You move into a new apartment, you want smart home automation without drilling a single hole, and you absolutely do not want to explain a wall of Zigbee coordinators and Raspberry Pi bridges to your landlord. A smart plug should be the easiest category in home automation. Plug it in, open an app, done. But in 2026 the market has fractured badly enough that two plugs sitting side by side on a shelf can have completely different stories underneath: one works natively with HomeKit and joins a Matter fabric without a hub, the other needs a proprietary cloud bridge and falls apart if the manufacturer shuts down their servers.

This comparison is focused on exactly that: five plugs that have real relevance for HomeKit users in Canada who also want Matter support, so their investment survives whatever platform shifts come next.

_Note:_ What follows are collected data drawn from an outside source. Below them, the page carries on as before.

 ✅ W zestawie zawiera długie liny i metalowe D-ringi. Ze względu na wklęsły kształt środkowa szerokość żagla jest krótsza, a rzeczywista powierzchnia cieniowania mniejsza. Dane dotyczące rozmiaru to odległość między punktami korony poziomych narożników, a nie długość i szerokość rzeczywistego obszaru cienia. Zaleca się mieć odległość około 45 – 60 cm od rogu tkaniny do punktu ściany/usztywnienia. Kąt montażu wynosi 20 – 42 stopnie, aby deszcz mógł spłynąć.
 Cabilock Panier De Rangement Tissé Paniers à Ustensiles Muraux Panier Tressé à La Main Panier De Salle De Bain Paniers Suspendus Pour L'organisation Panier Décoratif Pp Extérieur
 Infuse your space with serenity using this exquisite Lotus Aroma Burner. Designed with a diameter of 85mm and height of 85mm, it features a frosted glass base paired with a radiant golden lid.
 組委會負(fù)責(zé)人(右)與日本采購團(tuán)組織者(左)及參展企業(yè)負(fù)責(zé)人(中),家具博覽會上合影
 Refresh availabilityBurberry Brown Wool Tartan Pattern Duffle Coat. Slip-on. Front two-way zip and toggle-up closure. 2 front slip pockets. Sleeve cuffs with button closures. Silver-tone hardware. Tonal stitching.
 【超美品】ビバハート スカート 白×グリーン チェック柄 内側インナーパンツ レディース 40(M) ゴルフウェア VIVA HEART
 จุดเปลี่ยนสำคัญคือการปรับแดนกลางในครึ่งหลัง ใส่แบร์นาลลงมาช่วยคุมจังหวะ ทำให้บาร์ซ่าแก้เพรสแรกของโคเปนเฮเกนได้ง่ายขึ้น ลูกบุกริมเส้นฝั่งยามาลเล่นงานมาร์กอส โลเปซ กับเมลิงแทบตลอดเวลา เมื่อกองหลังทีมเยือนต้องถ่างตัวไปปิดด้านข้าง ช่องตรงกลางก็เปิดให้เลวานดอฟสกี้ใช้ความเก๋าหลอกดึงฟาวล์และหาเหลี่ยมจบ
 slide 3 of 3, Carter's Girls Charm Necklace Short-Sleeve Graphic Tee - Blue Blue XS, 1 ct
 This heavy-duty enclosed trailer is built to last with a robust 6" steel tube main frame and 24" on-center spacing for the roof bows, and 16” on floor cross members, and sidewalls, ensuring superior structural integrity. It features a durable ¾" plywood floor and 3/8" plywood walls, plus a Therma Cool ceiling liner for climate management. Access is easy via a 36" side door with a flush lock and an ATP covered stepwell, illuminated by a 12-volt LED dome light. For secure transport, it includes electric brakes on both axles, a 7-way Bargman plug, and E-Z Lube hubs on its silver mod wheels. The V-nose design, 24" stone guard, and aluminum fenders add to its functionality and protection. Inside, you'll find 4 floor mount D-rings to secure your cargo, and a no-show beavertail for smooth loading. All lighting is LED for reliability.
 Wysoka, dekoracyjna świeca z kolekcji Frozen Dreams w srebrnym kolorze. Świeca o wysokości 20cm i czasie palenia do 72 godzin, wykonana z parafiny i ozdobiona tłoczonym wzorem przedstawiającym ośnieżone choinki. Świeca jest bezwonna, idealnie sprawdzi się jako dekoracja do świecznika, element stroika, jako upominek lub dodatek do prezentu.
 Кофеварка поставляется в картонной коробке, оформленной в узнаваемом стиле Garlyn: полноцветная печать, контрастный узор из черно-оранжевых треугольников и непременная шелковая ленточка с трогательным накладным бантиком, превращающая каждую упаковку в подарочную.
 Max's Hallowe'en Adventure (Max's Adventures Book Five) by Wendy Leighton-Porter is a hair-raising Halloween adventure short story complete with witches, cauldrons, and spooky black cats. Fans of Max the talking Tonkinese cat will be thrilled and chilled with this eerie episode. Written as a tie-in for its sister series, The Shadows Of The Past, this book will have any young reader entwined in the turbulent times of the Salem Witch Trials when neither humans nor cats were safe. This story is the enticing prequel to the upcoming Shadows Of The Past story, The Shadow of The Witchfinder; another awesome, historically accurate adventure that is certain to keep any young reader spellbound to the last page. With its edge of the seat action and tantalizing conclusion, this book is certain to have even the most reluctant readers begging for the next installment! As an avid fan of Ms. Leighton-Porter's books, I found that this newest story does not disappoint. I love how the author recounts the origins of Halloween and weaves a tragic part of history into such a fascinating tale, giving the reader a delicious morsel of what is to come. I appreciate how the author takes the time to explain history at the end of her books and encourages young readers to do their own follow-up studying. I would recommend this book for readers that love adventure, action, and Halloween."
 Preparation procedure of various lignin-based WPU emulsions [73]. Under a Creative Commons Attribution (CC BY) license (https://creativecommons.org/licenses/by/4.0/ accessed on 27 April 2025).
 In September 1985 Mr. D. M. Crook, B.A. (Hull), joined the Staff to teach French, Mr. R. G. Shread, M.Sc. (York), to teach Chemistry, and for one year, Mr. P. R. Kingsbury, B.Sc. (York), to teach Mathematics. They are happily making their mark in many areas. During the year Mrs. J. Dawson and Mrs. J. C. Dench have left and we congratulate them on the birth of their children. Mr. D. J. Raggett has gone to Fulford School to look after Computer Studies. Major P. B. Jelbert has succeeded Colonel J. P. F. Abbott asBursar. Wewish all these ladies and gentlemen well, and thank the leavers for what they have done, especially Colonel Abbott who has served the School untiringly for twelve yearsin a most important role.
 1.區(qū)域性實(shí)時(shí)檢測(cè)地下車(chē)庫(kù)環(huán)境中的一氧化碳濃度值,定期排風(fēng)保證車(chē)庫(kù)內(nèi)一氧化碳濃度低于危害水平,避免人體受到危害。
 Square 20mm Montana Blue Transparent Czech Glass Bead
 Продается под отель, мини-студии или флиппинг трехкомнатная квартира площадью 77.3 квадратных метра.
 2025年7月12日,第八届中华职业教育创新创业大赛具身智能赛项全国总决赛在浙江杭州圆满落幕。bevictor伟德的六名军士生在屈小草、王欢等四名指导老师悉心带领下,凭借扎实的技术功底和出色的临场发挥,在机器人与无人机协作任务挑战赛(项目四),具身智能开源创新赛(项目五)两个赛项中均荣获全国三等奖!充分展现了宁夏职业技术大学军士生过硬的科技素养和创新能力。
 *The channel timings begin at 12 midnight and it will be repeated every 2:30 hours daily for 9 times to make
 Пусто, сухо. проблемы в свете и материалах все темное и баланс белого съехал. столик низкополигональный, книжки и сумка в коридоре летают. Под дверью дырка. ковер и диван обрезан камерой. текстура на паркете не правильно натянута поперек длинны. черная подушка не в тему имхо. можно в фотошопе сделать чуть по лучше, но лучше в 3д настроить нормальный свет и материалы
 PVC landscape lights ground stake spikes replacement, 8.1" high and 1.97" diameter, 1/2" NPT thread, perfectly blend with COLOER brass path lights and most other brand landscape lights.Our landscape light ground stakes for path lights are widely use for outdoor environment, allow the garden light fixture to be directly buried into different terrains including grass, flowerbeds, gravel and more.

We tested or researched each one against five criteria that actually matter for a renter or homelab operator who wants reliability without infrastructure overhead.

Quick Comparison Table

Plug Matter-over-Thread Energy Monitoring Setup Without Hub HomeKit Native Approx. CAD Price
Aqara P2 Yes (Thread) Yes Yes, via Matter Yes ~$35–$45
Eve Energy Yes (Thread) Yes Yes, via Matter/Thread Yes ~$55–$65
Tapo P125M Matter-over-Wi-Fi only Yes Yes, via Matter Yes (via Matter) ~$20–$28
Meross MSS315 Matter-over-Wi-Fi only Yes Yes, via Matter Yes (via Matter) ~$30–$40
SwitchBot Plug Mini No (Wi-Fi only, proprietary bridge for Matter) Yes Partial – needs SwitchBot app first Yes (via SwitchBot Hub or Matter bridge) ~$22–$32

How We Picked

The criteria were chosen specifically for renters and homelab operators in Canada who use Apple Home as a primary dashboard and want their devices to survive ecosystem churn.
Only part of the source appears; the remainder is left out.